Мы не знали старой жизни, при которой родились и жили наши родители, но, по их рассказам, она была жестокой, бесправной и беспросветной. Мы читали щемящие душу стихи об «убогой и обильной» Руси, мысленно боролись вместе с Дубровским против помещичьего произвола, возмущались «салтыковщиной» и «Человеком в футляре», после недолгих размышлений целиком отдавали свое сердце «Оводу» и Павке Корчагину, самым справедливым и смелым из наших литературных героев.

Нас не надо было убеждать в правом деле Советской власти речами и философскими трактатами. Наши родители вышли из рабочих и крестьян. Иные, полуграмотные, как, например, мой отец, командовали производством и, случалось, умирали, надорвавшись на стройке, завещая, чтобы мы доучились, стали инженерами и учеными, образованными людьми.

Наша школа четко давала нам понять, что хорошо, а что плохо. Причем все – и жизнь с ее прошлым и настоящим, и человеческие помыслы, и черты характера – рисовалось двумя красками: белой и черной. Никаких полутонов и компромиссов. Мы знали наизусть и полностью разделяли проникновенные и глубоко выстраданные мысли Николая Островского о том, что «жизнь человеку дается один раз и прожить ее надо так, чтобы не было мучительно больно за бесцельно прожитые годы…». Но как прожить? Отдать жизнь «самому прекрасному в мире – борьбе за освобождение человечества».

…Сначала я хотел написать эту фразу почти без изменения в своем заявлении о приеме в партию и отнести его политруку. Но потом подумал: при чем тут освобождение человечества, когда сейчас на карту поставлена судьба Родины? Не годится…

Мне вспомнились размышления А. П. Чехова о смысле жизни. Он призывал прожить ее «бодро, осмысленно, красиво». «Сейчас, когда враг у стен Москвы?» – думал я… и отверг Чехова. В то время я увлекался Горьким, и его рассуждения о том, что человек испытывает истинное счастье, когда «живет и работает для других», казались мне прекрасными, полностью отвечавшими моим убеждениям.

…Когда политрук Пронькин прочитал эти слова в моем заявлении (разумеется, без ссылки на источник), он снял фуражку, почесал затылок и сказал:

– Красиво! Ребята написали о том же, только попроще. А в общем- то, правильно…

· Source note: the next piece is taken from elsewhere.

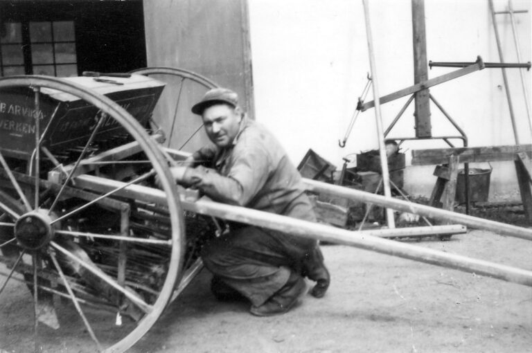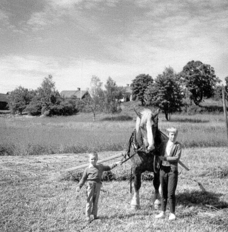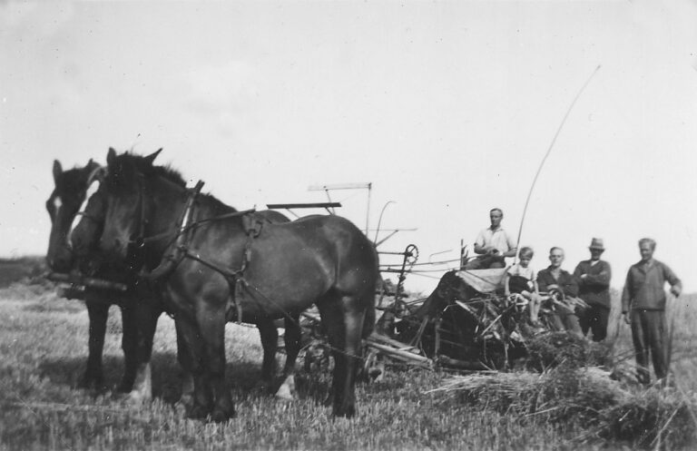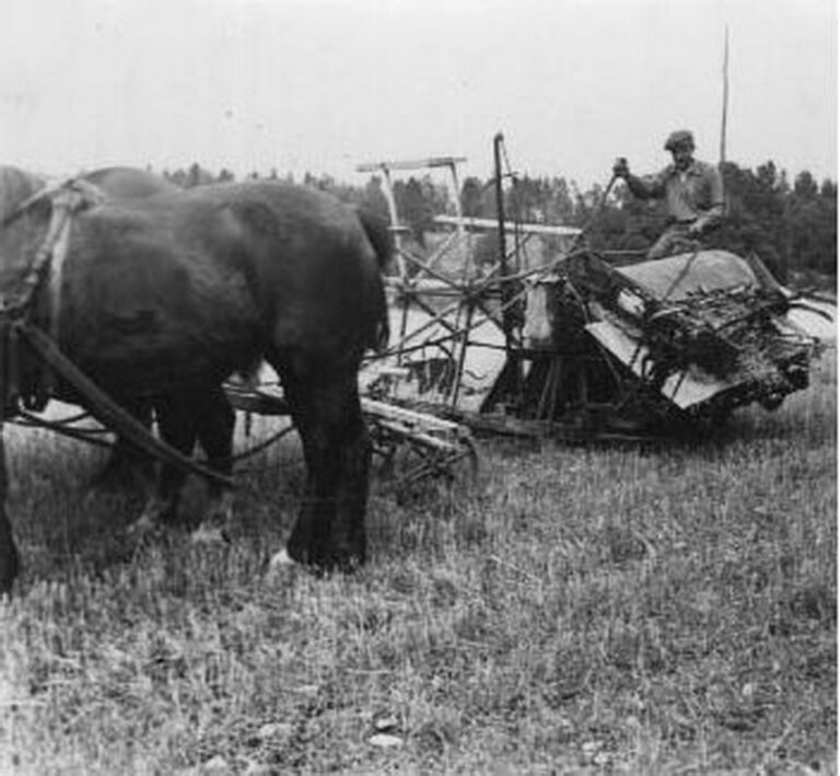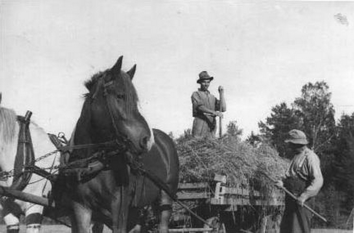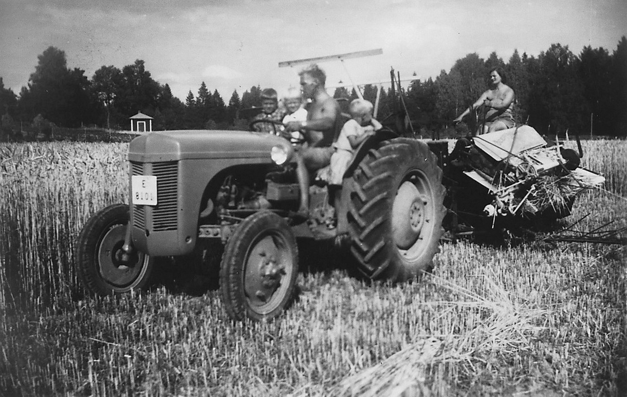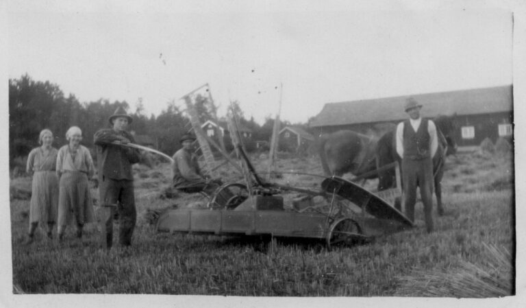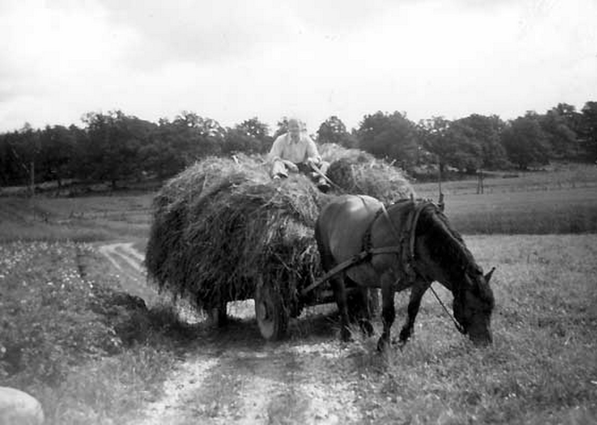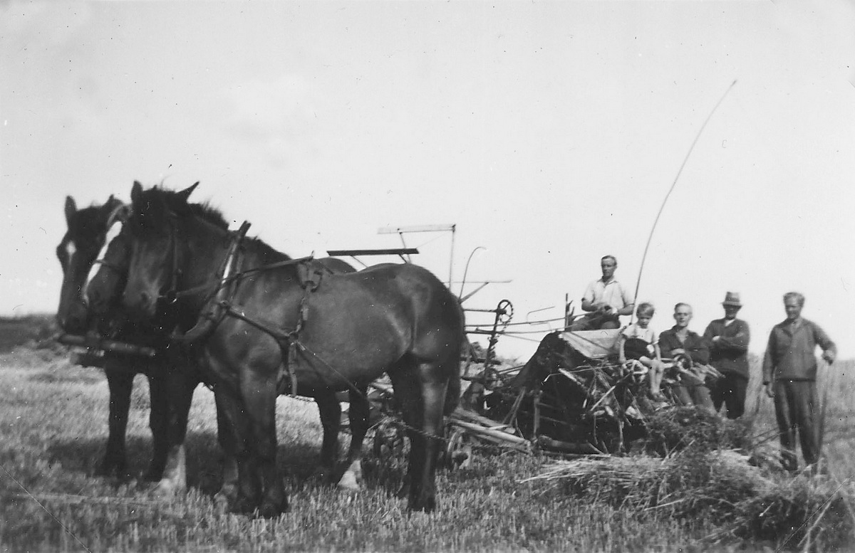 Gunnar Gustavsson i Vreta med slåttermaskin ca 1950

Спустя три месяца нас приняли в партию.

За двадцать с лишним лет Советской власти выросло совершенно новое поколение молодых людей, до конца преданных делу социализма. Святая святых этого поколения был девиз: без колебания, если нужно, пожертвовать жизнью ради счастья и свободы своего народа. А если кто-то и чувствовал минутную слабость, то умел ее подавить, собрать в кулак свою волю, и мы не замечали этой слабости. Мужество и отвага опытных разведчиков вдохновляли «новичков», вселяли в них уверенность, и смелыми разведчиками становились даже те, кто побаивался неба и не доверял грозному оружию – сложному по тем временам двухмоторному скоростному бомбардировщику.

Из безусых молоденьких сержантов и лейтенантов вырастали бесстрашные авиаторы. Так в нашем полку «закалялась сталь». В авиации, как всюду в армии, действовали воинские уставы, жизнь определялась строгой дисциплиной. Однако воспитание молодых авиаторов строилось чаще на доверии и уважении и гораздо реже на неизбежных выговорах за допущенные проступки.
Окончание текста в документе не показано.